5. Opioid Use Disorder

Opioid use disorder is a social warming epidemic that affects more than 16 million people and causes more than 120,000 deaths per year worldwide [127]. Diagnosis is based on the American Psychiatric Association’s DSM-5. It includes, among others, an intense craving for opioids, continued opioid use despite associated social, physical, or psychological problems, the presence of tolerance, and the presence of withdrawal. Heroin represents the classical situation opioid of abuse, but other opioids derived from medical use include morphine, codeine, fentanyl, and synthetic opioids such as tramadol and oxycodone [127].
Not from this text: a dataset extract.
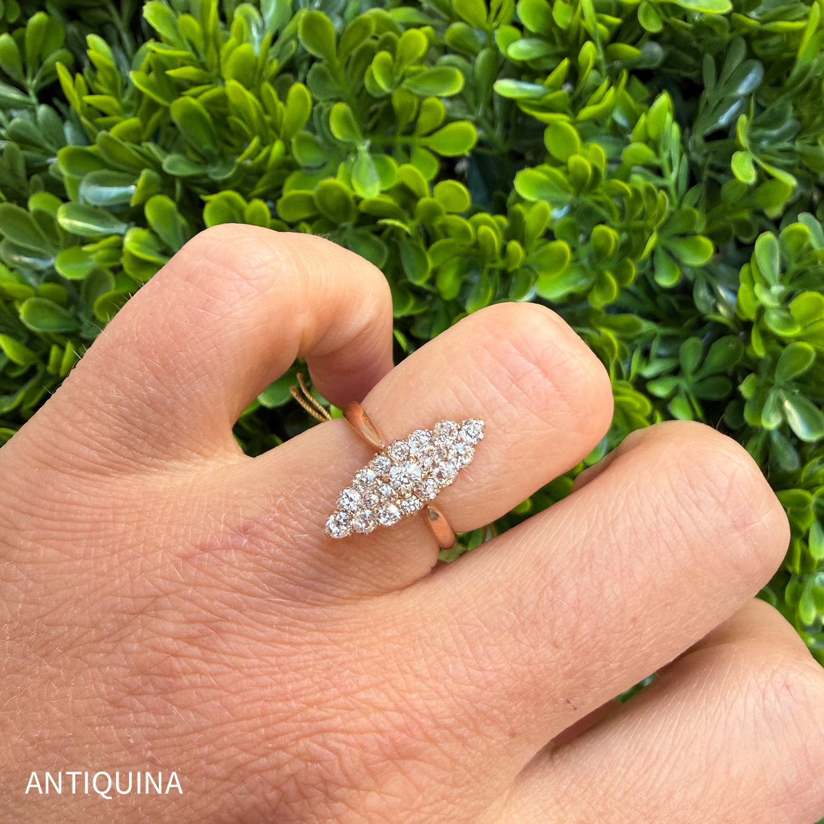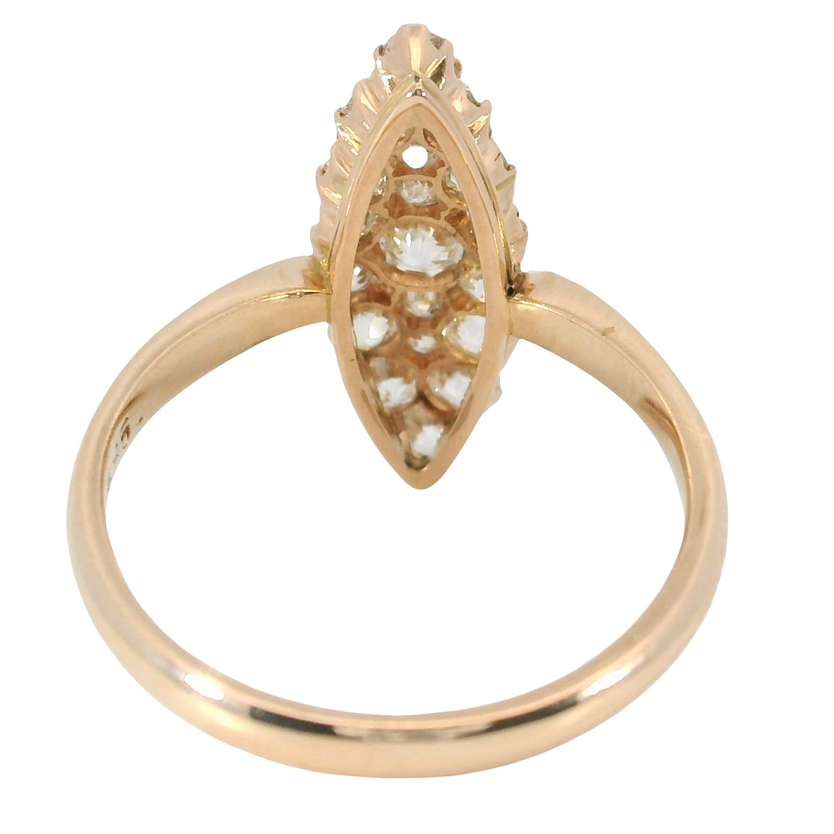 Antiker Schiffchenring um 1910 in 585 Roségold im Diamantgarten

Opioids can interfere with the immune system by participating in immune cell function and by modulating the innate and acquired immune responses [128]. One of the significant concerns related to chronic opioid use is the development of immunosuppression, thereby increasing the risk of chronic disease and infection [128]. Indeed, recent data suggest that the effect on immune function is much more complicated. Opioids act as biological response modifiers, and their actions are highly contextual, plastic, adaptable, and influenced by other processes or pathophysiological conditions. In particular, emerging growing evidence points to neuroinflammation as being crucial for addictive process [129]. To clarify the role of inflammation on opioid addiction and the potential use of inflammatory biomarkers in this disorder, we mainly focused on reports investigating the effects of opioids in chronic exposure and the context of addiction. We discarded reports that were related to the inflammation-modulatory roles of opioids in pain or analgesia and other conditions.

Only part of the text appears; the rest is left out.